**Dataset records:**
------------------------------------------------
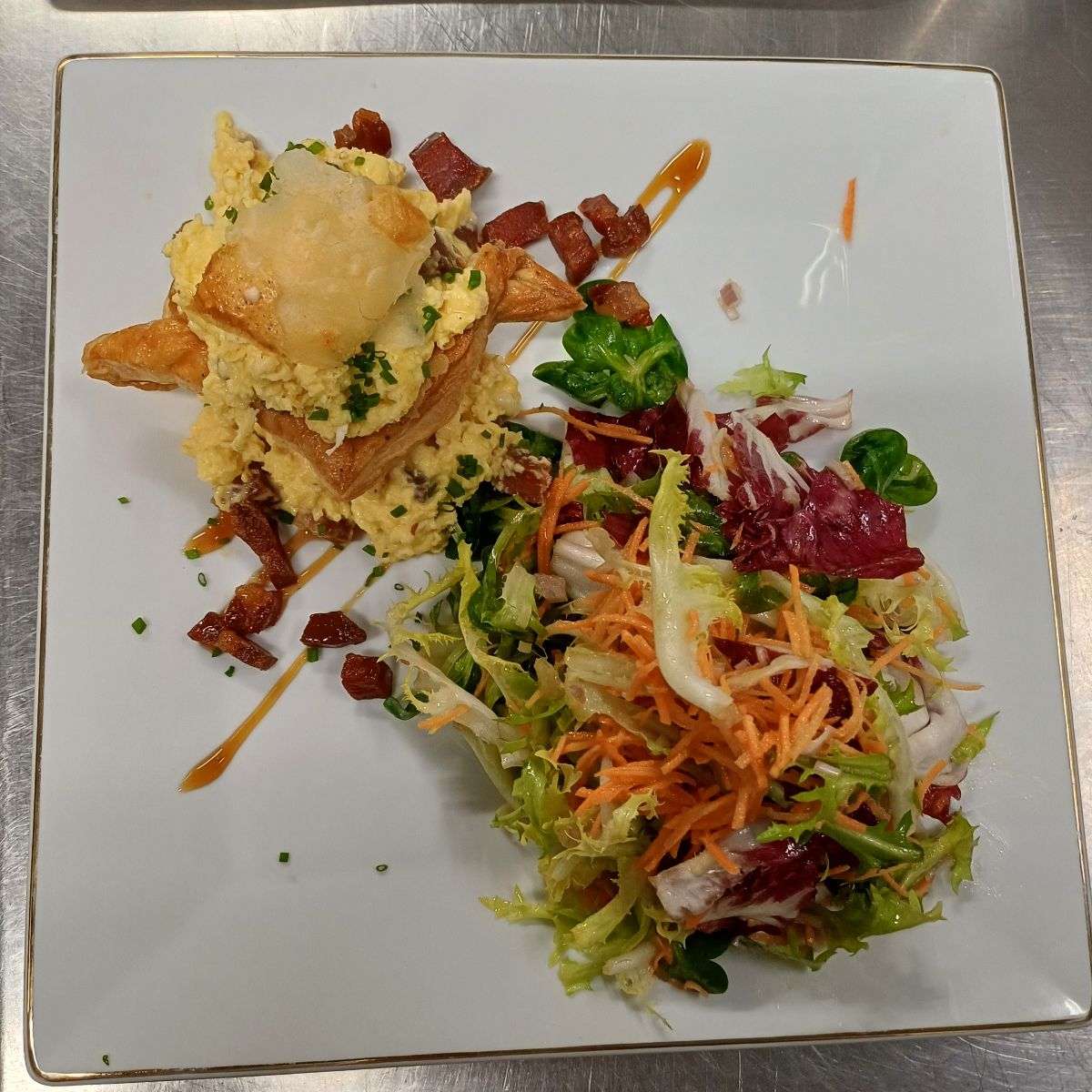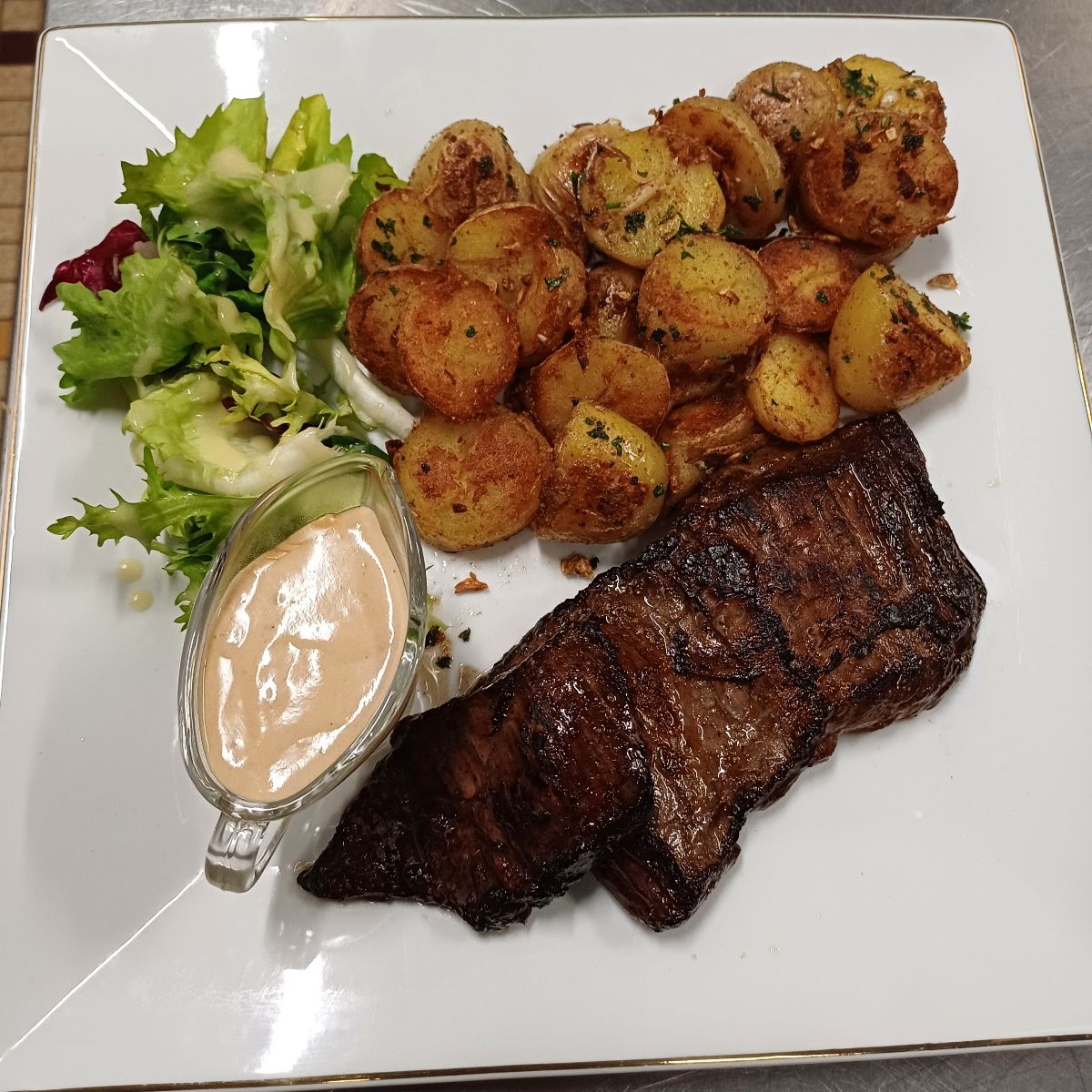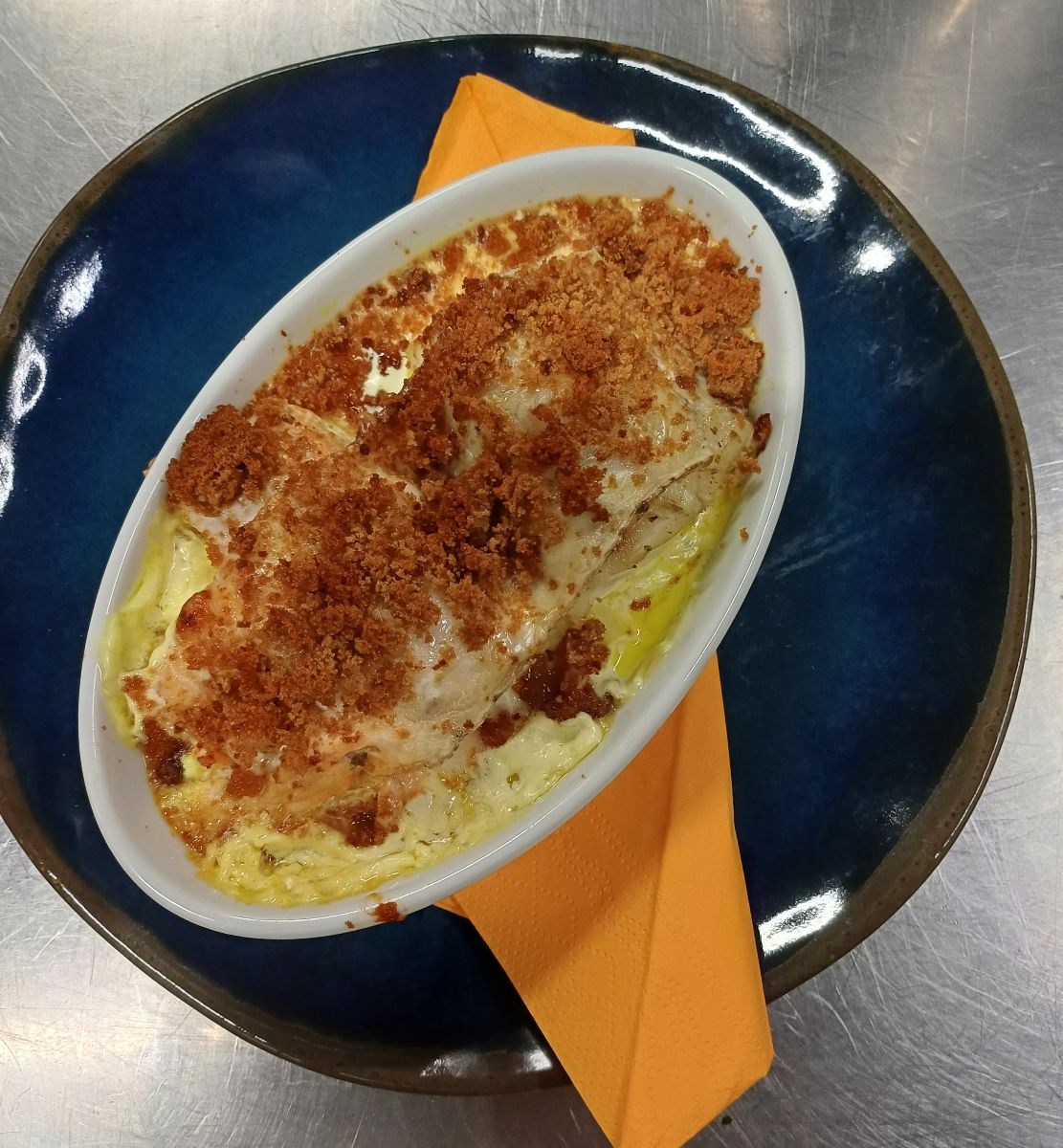 Notre plat signature est l'Alliance de Poissons : 2 poissons (sans arrête) déposés sur une julienne de légumes avec sa croute de pain d'épice gratiné avec un fromage au four.
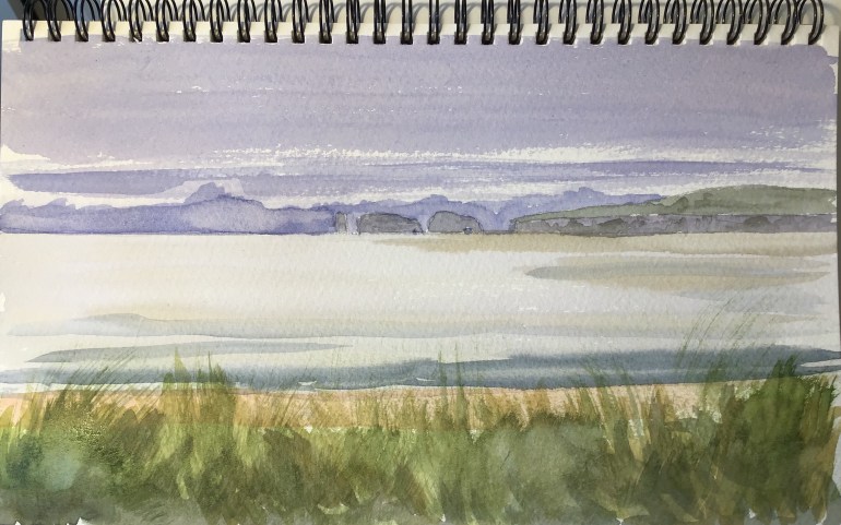 Another watercolour of Studland Bay with Old Harry rocks in the distance. I made the clouds on the horizon a little too dark and the sea may be a little too light!
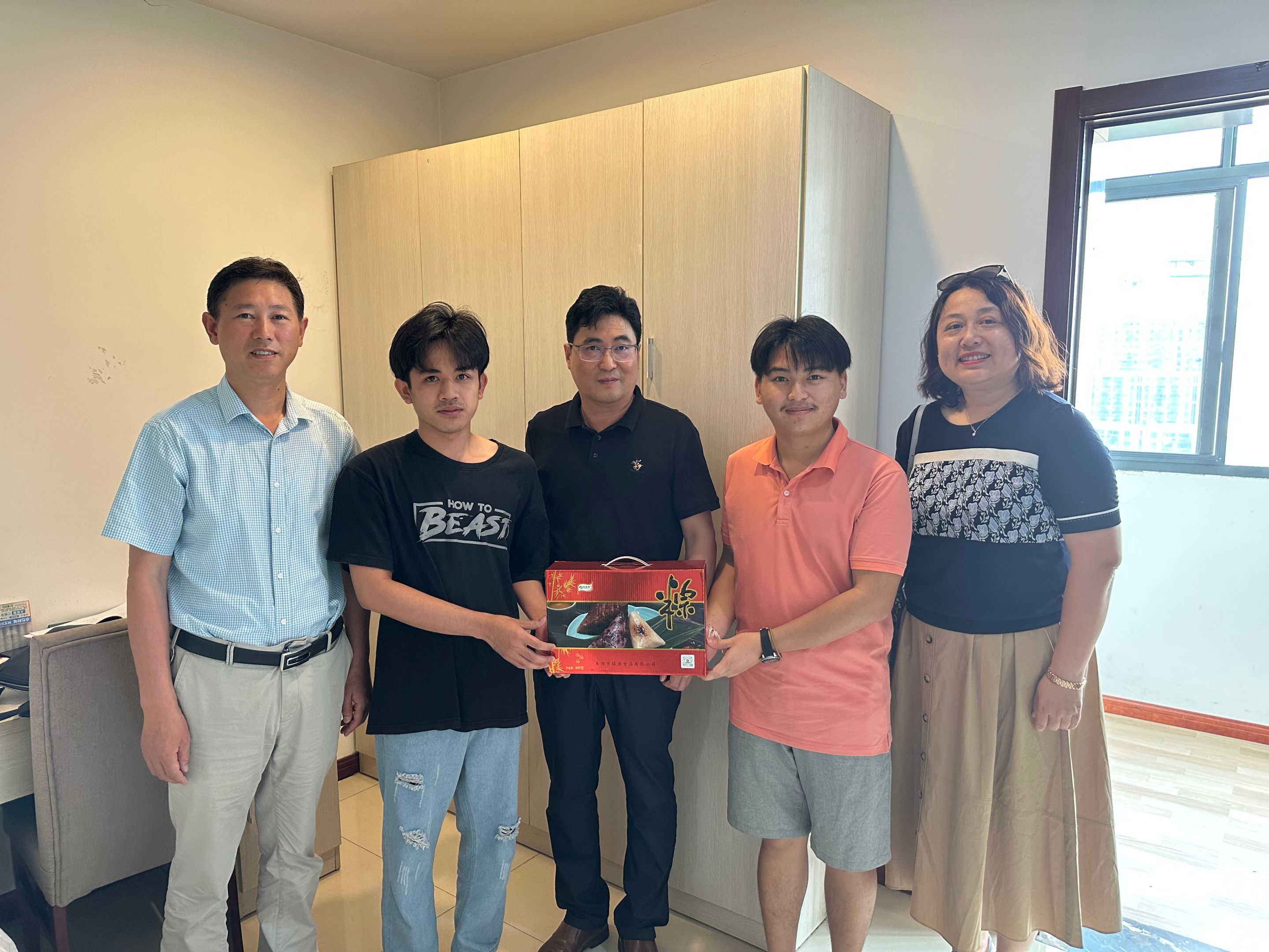 “来中国几个月适不适应?”“喜欢什么体育运动?”“生活和学习上有什么不便和困难,还需要公司帮助些什么?”来自公司的亲切关怀,使职工倍感亲切。“刚来中国时不太适应,但是老师们的热心帮助与亲切关怀,使我很快基本适应这里的学习生活,谢谢领导和老师们!”来自老挝的韩福迟同学回答。高峰勉励职工们要养成良好的学习习惯,掌握科学的学习方法,合理安排时间,坚持刻苦学习、健康生活,感知真实立体全面的中国。随后,他向同学们送上端午节日的祝福,祝同学们端午安康。
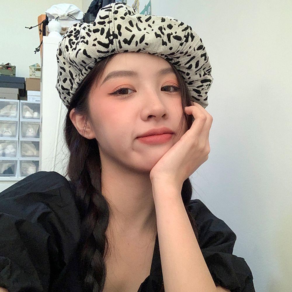 Đóng gói 1 chiếc mũ Phụ nữ Mũ nồi Phong cách Hàn Quốc Mũ họa sĩ Mũ in họa tiết da báo Phong cách Anh Mùa đông Thu Tất cả phù hợp Cô gái Retro Văn học Mát mẻ Ngọt ngào Ấm áp Đơn giản
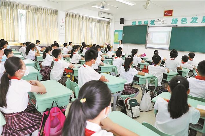 福強小學學生在教室收看同步直播的復(fù)學第一課。
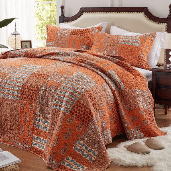 LEAONME 3 Pieces California King Size Quilt Set Burnt Orange Rust Oversized 120x120 Inch Bedspread Coverlet Lightweight Microfiber Paisley Bed Cover for All Seasons (1 Quilt, 2 Pillow Shams)
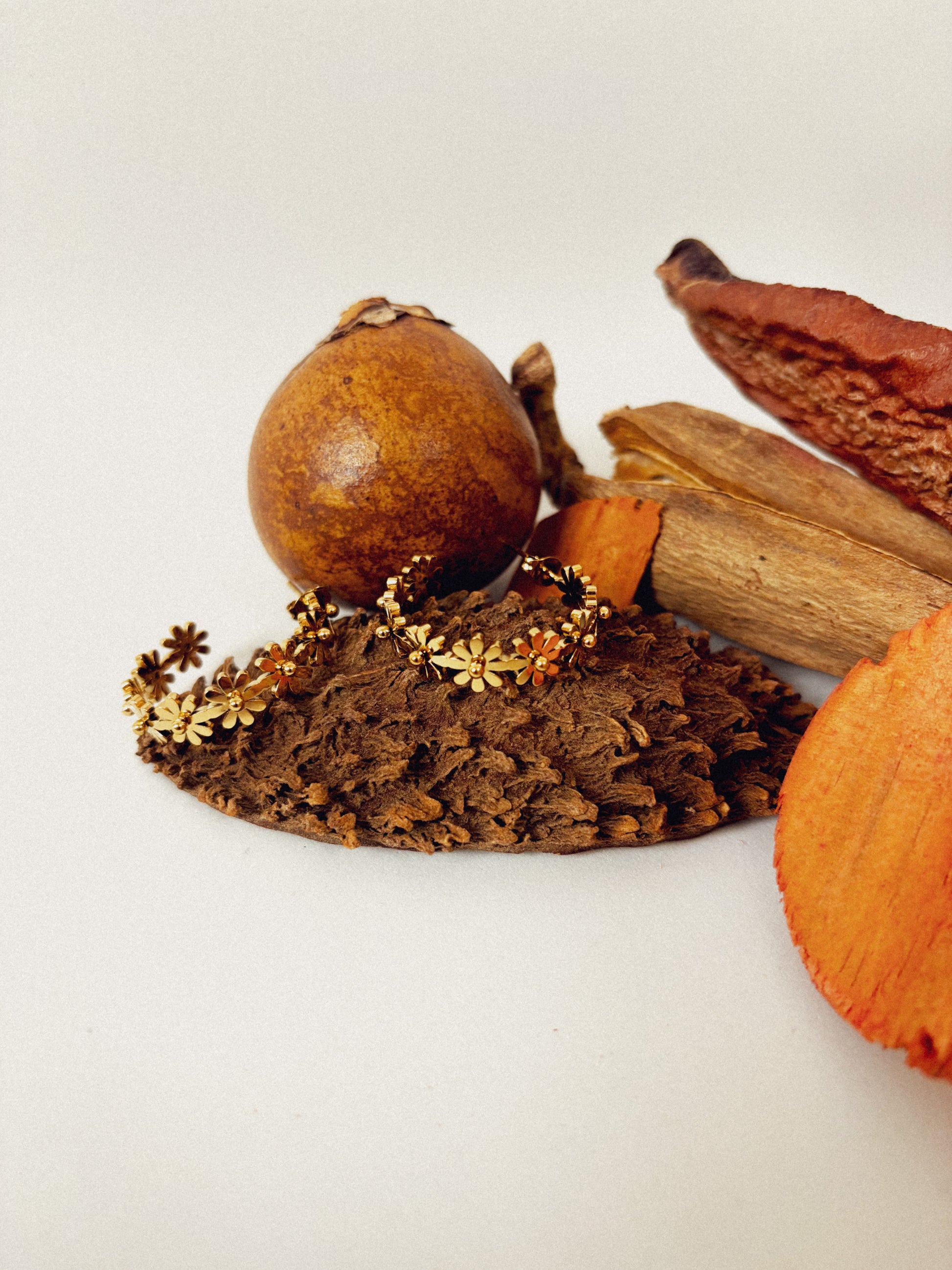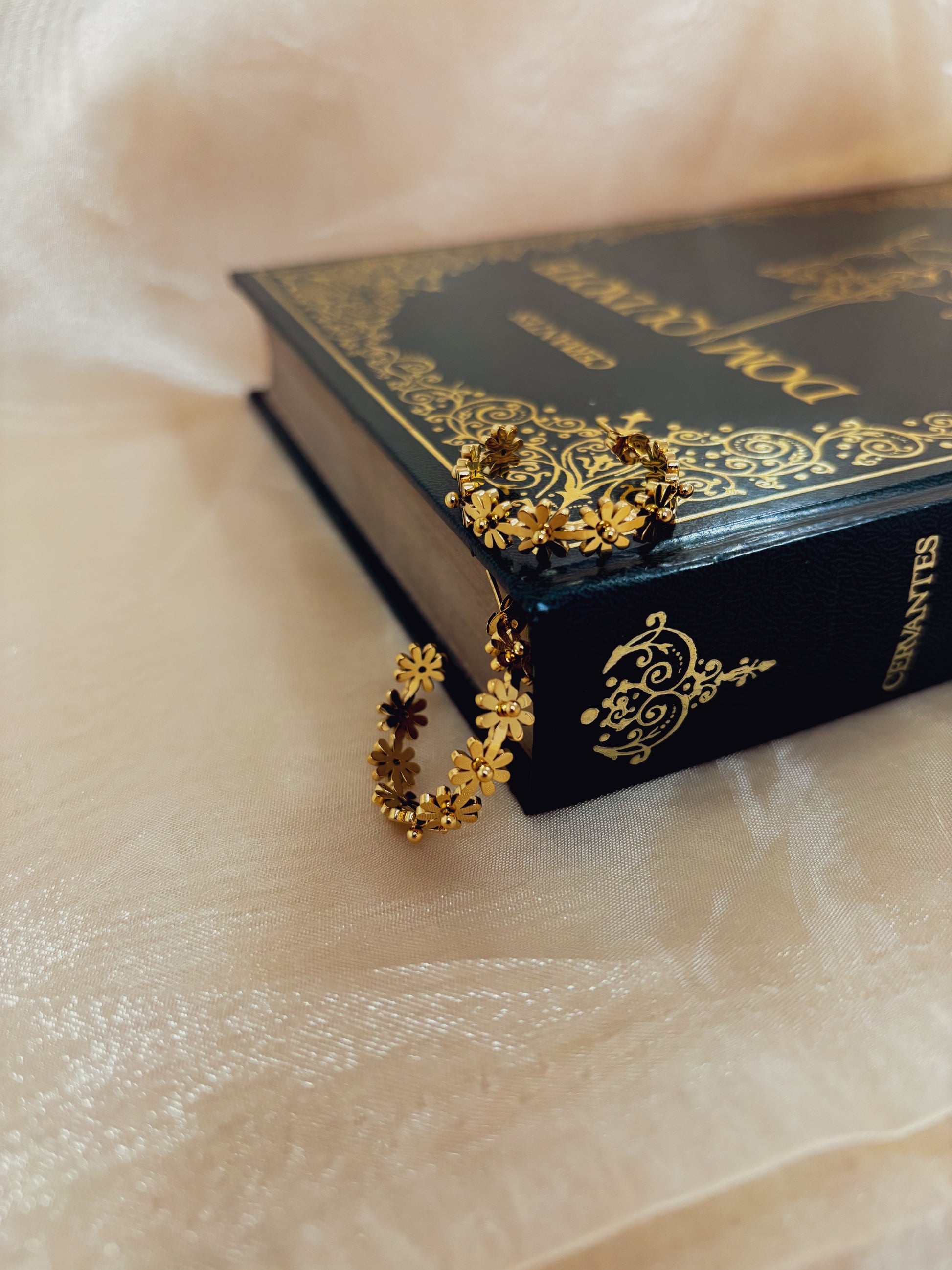 Delicado e cheio de charme, o brinco Myrrion traz um design floral que reflete leveza e feminilidade. Seu brilho dourado e formato harmonioso destacam o rosto com sutileza, tornando-o ideal para compor desde looks casuais até produções mais sofisticadas.
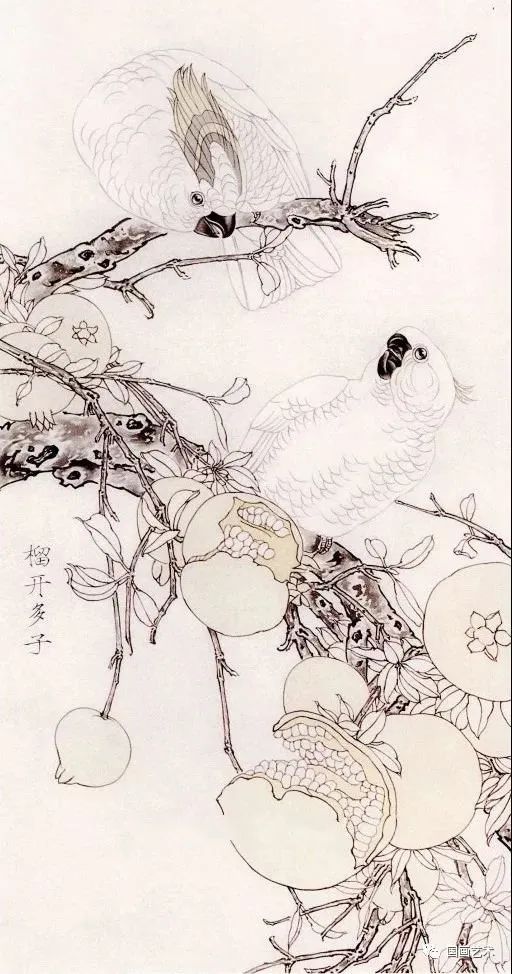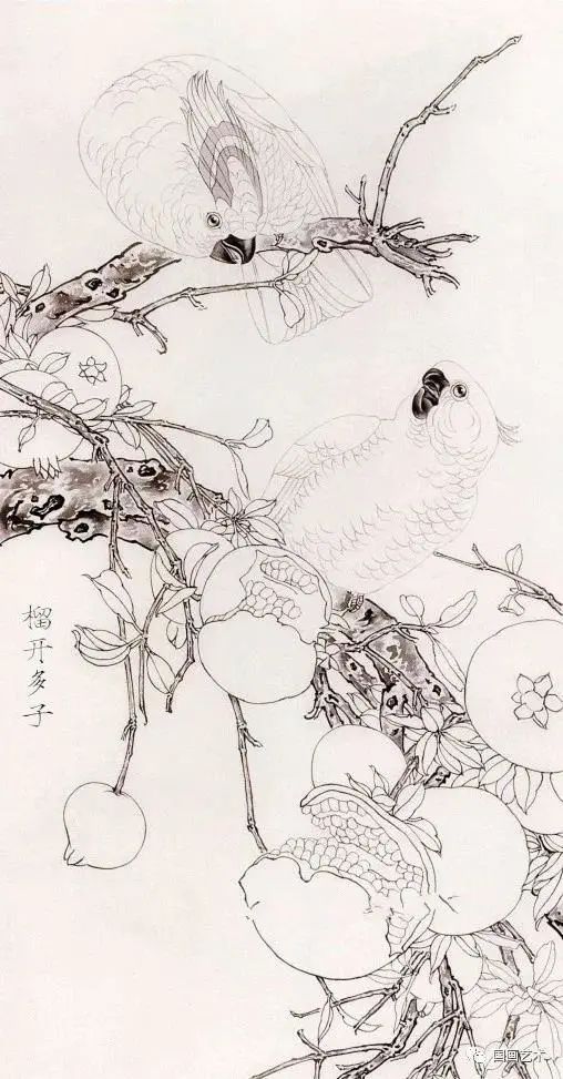 步骤一:用浓淡墨勾皴出枝干,用重墨勾叶子以及鸟嘴和爪,中墨勾石榴,淡墨勾鸟身、羽毛等部位。
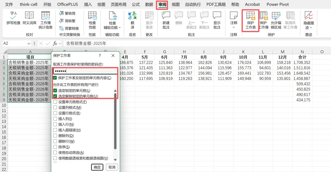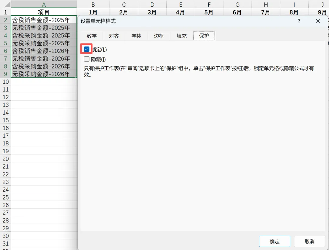 【注意】必须要先设置好其他内容,最后再对工作表进行保护
------------------------------------------------
**GOAL OF THE EXERCISE:**
Nothing but the lines from the one that holds "Delicado e cheio" through the end of the data should appear, written out exactly, without pictures.

**SOLUTION FOR THIS EXERCISE:**
 Delicado e cheio de charme, o brinco Myrrion traz um design floral que reflete leveza e feminilidade. Seu brilho dourado e formato harmonioso destacam o rosto com sutileza, tornando-o ideal para compor desde looks casuais até produções mais sofisticadas.
 步骤一:用浓淡墨勾皴出枝干,用重墨勾叶子以及鸟嘴和爪,中墨勾石榴,淡墨勾鸟身、羽毛等部位。
 【注意】必须要先设置好其他内容,最后再对工作表进行保护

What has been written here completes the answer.